AIM OF THE TASK >> Although the entries contain pictures, only their text goes into the copy, set down exactly.
# # # #
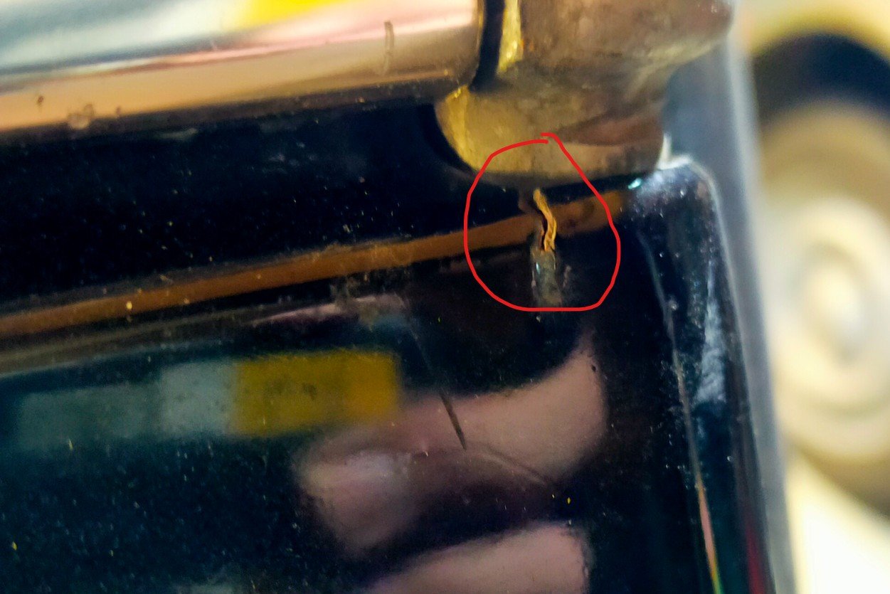 En regardant de près, j'ai constaté que la porte commençait à se fissurer de chaque coté de la charnière.
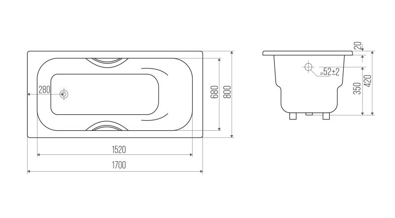 Ванна чугунная Goldman Donni DN17080 170x80см с ножками
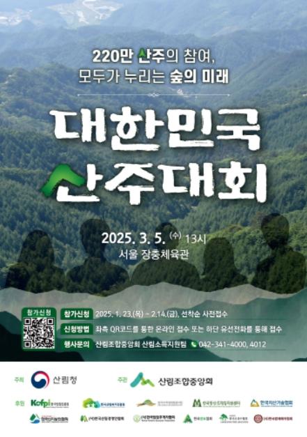 ‘대한민국 산주대회’에 참가를 희망하는 경우 2월 14일까지 ‘대한민국 산주대회’ 큐알코드에 접속하거나 산림조합중앙회 산림소득지원팀으로 유선신청도 가능하다.
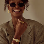 Rich, warm, and softly luminous – our signature gold finish. Designed to make a subtle statement, each piece is plated over high-quality stainless steel for enduring wear.
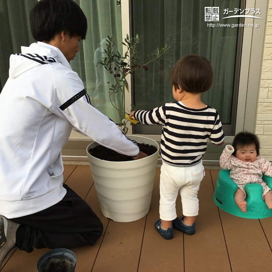 この度はプラントプランにご参加いただき、誠にありがとうございます。素敵なご家族のお写真、嬉しく思います。オリーブの木に小さな実がたくさんついていますね。オリーブの品種にもよりますが、収穫した実を絞ると本当にオリーブオイルになるんですよ。絞ったオイルの上澄みをすくって、コーヒーフィルターで何度かこせば出来上がりです。ぜひ試してみてくださいね。記念樹とともにお子さまが健やかにご成長されますことを、従業員一同心よりお祈り申し上げます。
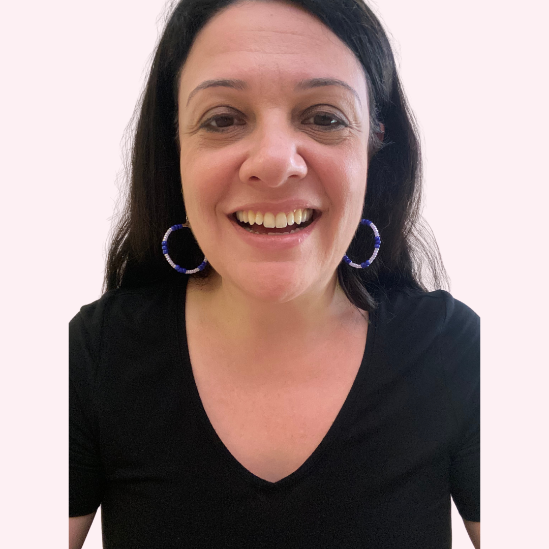 Playful lilac meets bold royal blue in Coastal Bloom—a striking combination inspired by summer wildflowers swaying beside the sea. These 1.5″ silver hoops blend soft and strong elements to create a fresh, confident look that’s both feminine and fearless.
# # # #
EXPECTED OUTPUT >>
 En regardant de près, j'ai constaté que la porte commençait à se fissurer de chaque coté de la charnière.
 Ванна чугунная Goldman Donni DN17080 170x80см с ножками
 ‘대한민국 산주대회’에 참가를 희망하는 경우 2월 14일까지 ‘대한민국 산주대회’ 큐알코드에 접속하거나 산림조합중앙회 산림소득지원팀으로 유선신청도 가능하다.
 Rich, warm, and softly luminous – our signature gold finish. Designed to make a subtle statement, each piece is plated over high-quality stainless steel for enduring wear.
 この度はプラントプランにご参加いただき、誠にありがとうございます。素敵なご家族のお写真、嬉しく思います。オリーブの木に小さな実がたくさんついていますね。オリーブの品種にもよりますが、収穫した実を絞ると本当にオリーブオイルになるんですよ。絞ったオイルの上澄みをすくって、コーヒーフィルターで何度かこせば出来上がりです。ぜひ試してみてくださいね。記念樹とともにお子さまが健やかにご成長されますことを、従業員一同心よりお祈り申し上げます。
 Playful lilac meets bold royal blue in Coastal Bloom—a striking combination inspired by summer wildflowers swaying beside the sea. These 1.5″ silver hoops blend soft and strong elements to create a fresh, confident look that’s both feminine and fearless.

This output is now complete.